I was a big fan of "Nickel and Dimed", so I was looking forward to reading this book as well. I love Ehrenreich's writing style and found the story fascinating. However, I felt unfulfilled by the conclusion. I felt that she did not budget a reasonable amount of time for the project, and, thus, gave up too quickly. I was hoping that she would either find a job in the end, or, alternatively, take the "job" she was offered and continue her search to give a more typical account of a job search. The book wasn't bad by any means, but I don't have a desire to read it again, as I did for "Nickel and Dimed."
I thought this was exceptionally well written and a good approach at what exists in the job market today. Yes, there were issues with the experiment regarding the level of background the author could reveal but this was covered in the beginning and a plausible background was created given her talents with references (the few people in on her undercover work). As a person who worked in the Human Resources field, who also had a work gap which had to be explained. I felt her experiences were accurate.

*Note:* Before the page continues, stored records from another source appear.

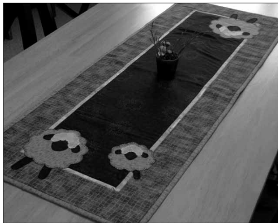
Nydeleg løpar – frå utstillinga i lagslokalet til vertsskapslaget.

Årsmøtesamlinga 7. – 9. mars i Selje var ein suksess- og ei flott oppleving å få med seg. Vertskapslaget Kjerringa Husflidslag diska opp med ein strålende programmeny, som inneheldt alt frå synfaring og lunsj i aktivitetshuset deira på Stadlandet til praktisk aktivitet og flott song og pianospel av born og unge.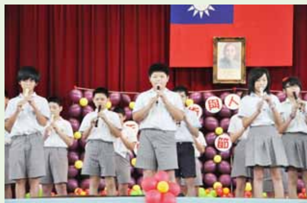
展現專長的才藝發表會

教育 111 在我們學校已經展現成效，也普獲學生家長們的肯定與鼓勵，相信在這個良好的基礎上，加上團隊成員的努力，必能時時精進，再創學校最大價值，將涓滴資源細流匯成江河，提供孩子們一個適性發展的優質學習樂園，邁向優質學校的理想目標。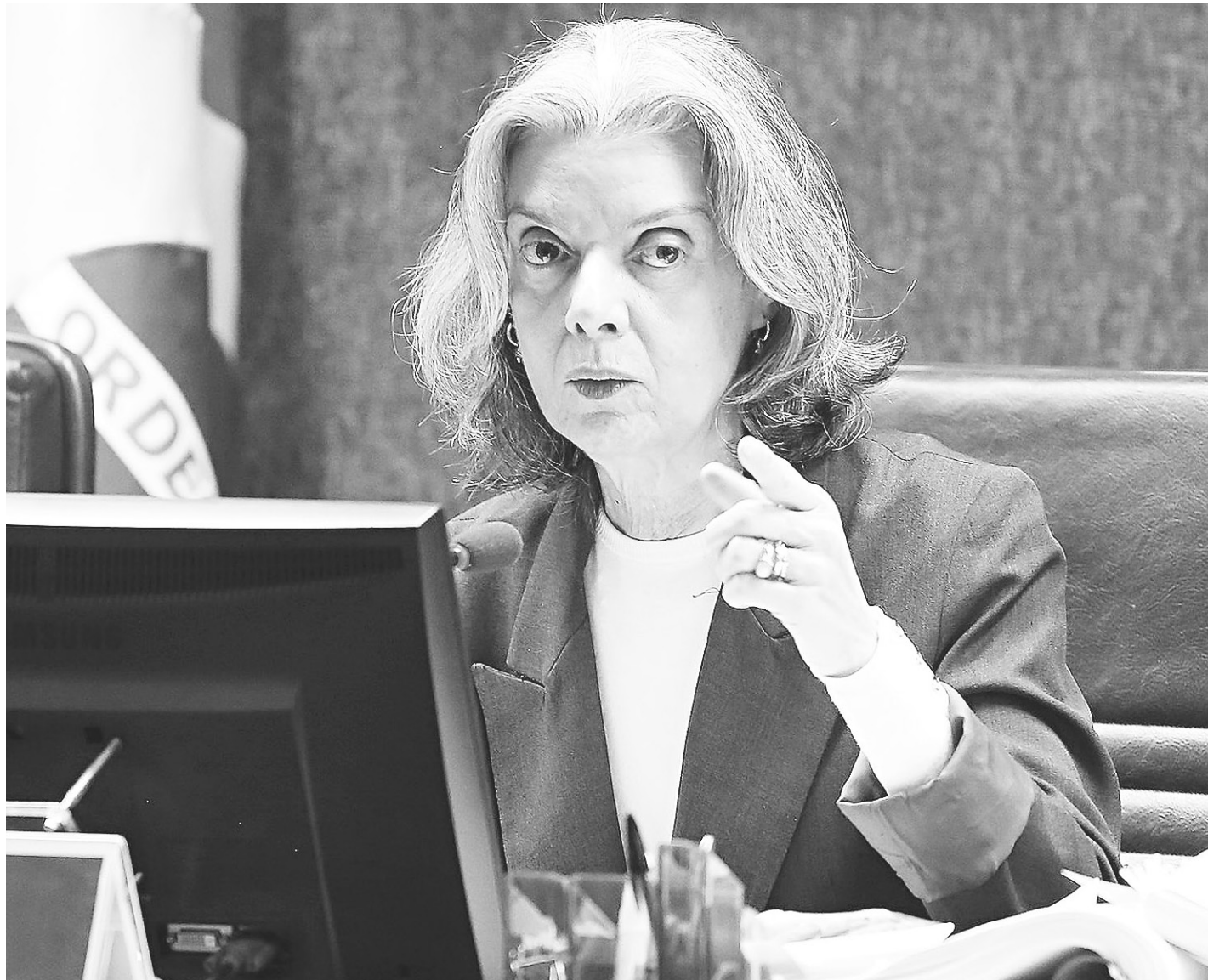
// Ministra Cármen Lúcia, presidente do Supremo Tribunal Federal: "Pode-se ter conteúdo confessional em matérias não obrigatórias nas escolas"

"Não vejo como se opor à laicidade a opção do legislador e não vejo contrariedade aqui que pudesse me levar a considerar inconstitucionais as normas questionadas", disse a presidente do STF, ministra Cármen Lúcia, que desempatou o julgamento e definiu o resultado. "Não vejo submissão do Estado à submissão de religião na norma. A pluralidade de crenças, a tolerância - que é princípio da Constituição Federal - combina-se com os dispositivos aqui atacados. Pode-se ter conteúdo confessional em ma-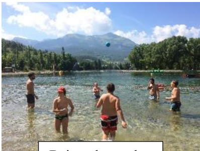
Baignade au plan d'eau de Jausiers

Activités manuelles - Journées à thème - Jeux Olympiques - Jeux Sportifs - Temps de réflexion - Veillées - Grands Jeux - Spectacles - Jeux de pistes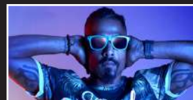
01. Juli 2022 Afu-Ra (USA)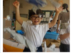
小 B1 年 『しんぶんし ヒラヒラ～♪』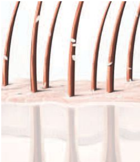
TROCKENE, SENSIBLE KOPFHAUT

Eine gute Beratung ist der Schlüssel, um deinen Kundinnen das ultimative Salonerlebnis zu bieten. Benutze hierfür den speziellen Kerasilk Revitalize Beratungsfächer.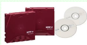
アプライド フィルム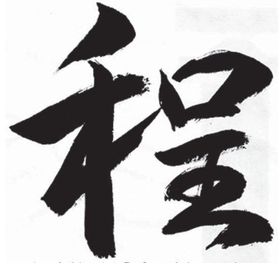
本因坊秀哉の色紙『程』より書き写したものと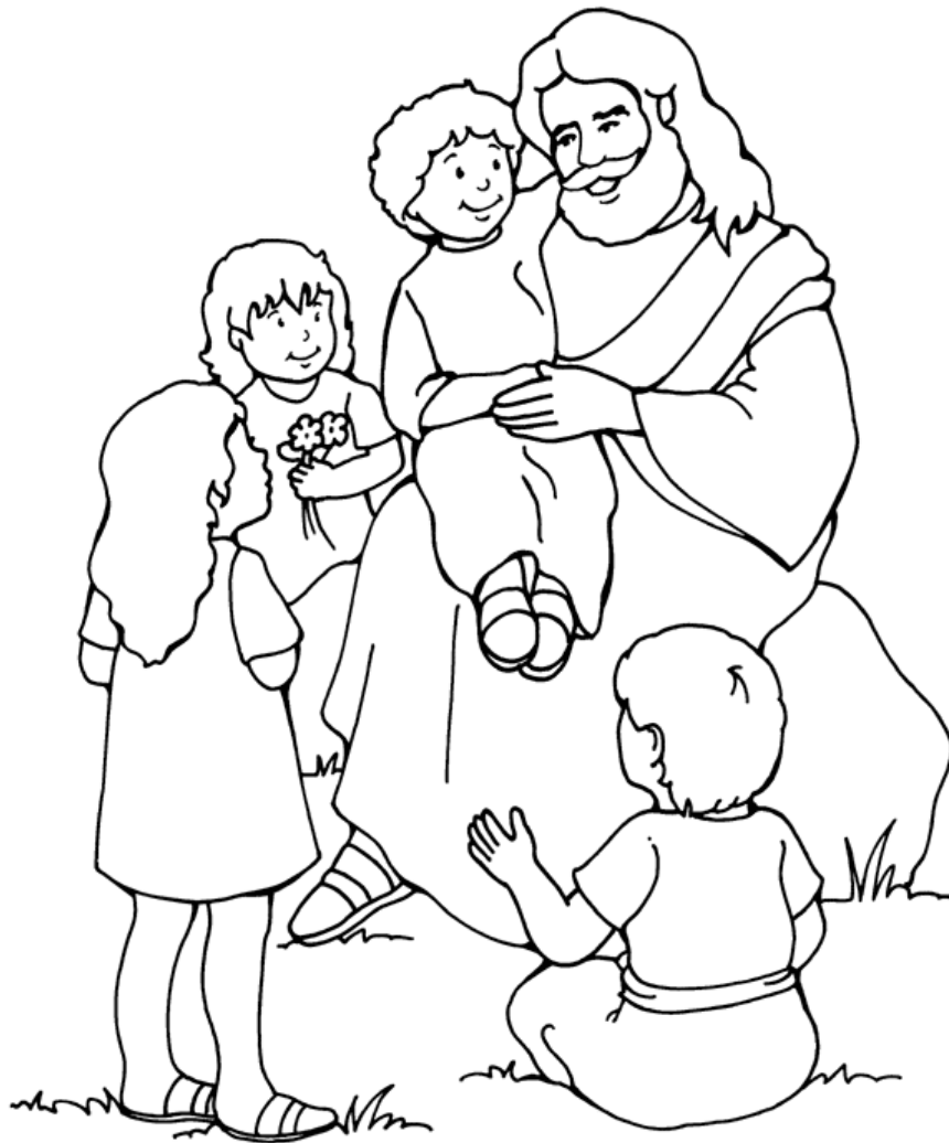
Jesús y los niños

Conecte los puntos para completar la imagen.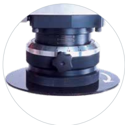
Werkzeuglos höhenverstellbare Phase & einstellbare Skalierung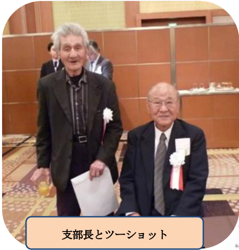
支部長とツーショット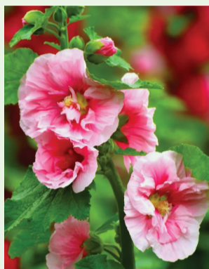
一丈红(蜀葵) 锦葵科锦葵属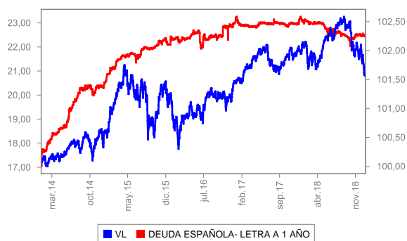
Evolución del valor liquidativo últimos 5 años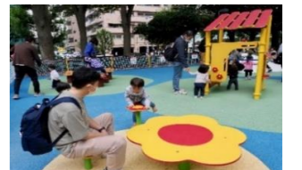
リニューアルした新宿中央公園 ちびっこ広場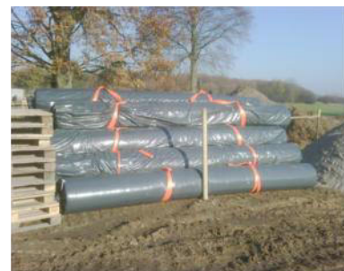
Bentonitmatte Standard 5x40 m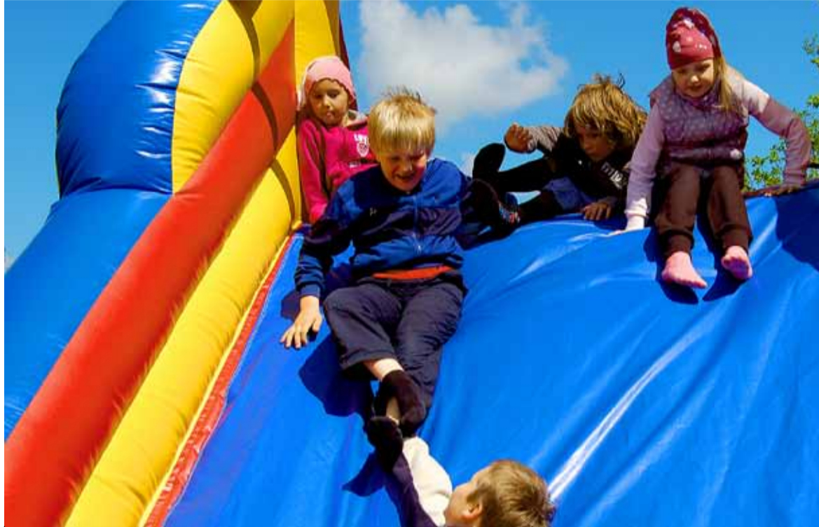
Lapsed ei väsinud terve päeva vältel batuudil turnimast.

Suurt huvi pakkus vibulaskmise võistlus klubi Sagittarius treeneri Zigmontas Strepaitis juhendamisel, kes jagas pro-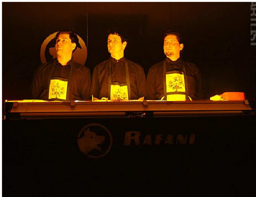
2. Rafani: Goja, divadlo Komedie, záznam performance, Praha.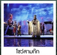
โชว์สามก๊ก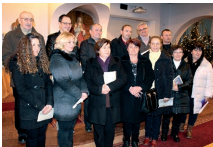
Crkveni pjevački zbor Župe Uznesenja Blažene Djevice Marije

Evandeoski tekst nam pripovijeda o mudracima koji dođoše s istoka pokloniti se novorođenome Kralju, premda nisu znali točno mjesto gdje se rodio. Tako u čitanje svetoga evanđelja po Mateju Mt 2, 1-12 stoji: Kad se Isus rodio u Betlehemu judejskome u dane Heroda kralja, gle, mudraci se s istoka pojavise u Je-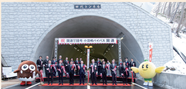
令和6年：小沼崎バイパス開通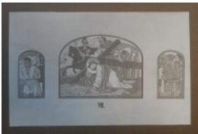
Návrh díla, MZA Brno, fond: Jezuité Hostýn, kt. 6.

Záznam zpracován v rámci projektu „ Restaurování mozaik tzv. české mozaikářské školy ze skla a kamene “ (DG16P02M056) programu Národní a kulturní identity (NAKI), financovaného Ministerstvem kultury ČR a realizovaného Fakultou restaurování Univerzity Pardubice a Ústavem chemické technologie restaurování Vysoké školy chemicko-technologické.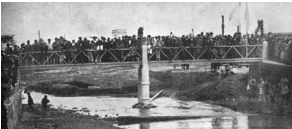
Pasarela sobre el Napostá, inaugurada el 24 de junio de 1933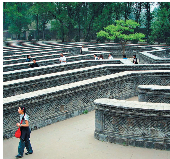
ВОССТАНОВЛЕН ЛАБИРИНТ ВАНЬХУАЧЖЭНЬ («ВЕРЕНИЦА 10 ТЫСЯЧ ЦВЕТОВ»). ПО НЕМУ НАЛОЖНИЦЫ ПРОХОДИЛИ В ПОКОЙ ИМПЕРАТОРА.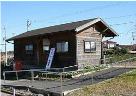
No50. 上総三又駅 20040716 (月) ネットより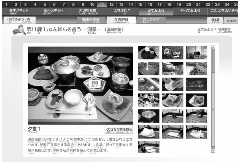
<図 6> 写真解説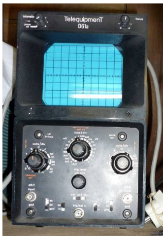
508.16 Oscilloscope Telequipment D61A

I love Barbara Ehrenreich. This time she gets to the bottom of how the middle-class and "jobs for life" are a thing of the past. And, if you do have a job, it doesn't matter. Age discrimination firing can get you! And unions? They're not much help either. They take your money but they're not much support except to suggest you proceed with a lawsuit! It's scary out here in the world!
Ehrenreich explores the trials, tribulations, and lack of success of a middle class white collar woman during a search for a job. To write this book, Ehrenreich went "undercover" as a middle-aged woman returning to the full-time workforce, in an attempt to experience some of the elements that face down-sized or underemployed workers today. Though this book was written in 2005/06 it still seems relevant to today's economy and workforce. If that's true, then this book paints a bleak picture of the trials and outcomes facing today's educated job-seeker. I'm not sure how universal Ehrenreich's experience is, but the book is damned depressing. Ultimately though, as reading matter, its not as engaging as "Nickeled and Dimed", Ehrenreich's exploration of woman's entry level blue collar work. I guess its hard to make time spent at a computer and in various networking and support group meetings as interesting as being abused by one's boss at Walmart. Still, the picture it paints of America's corporate job market is scary.
Excellent and tragic at the same time. Good insight and info on traps that the unemployed can fall into in the hopes of getting that white collar job.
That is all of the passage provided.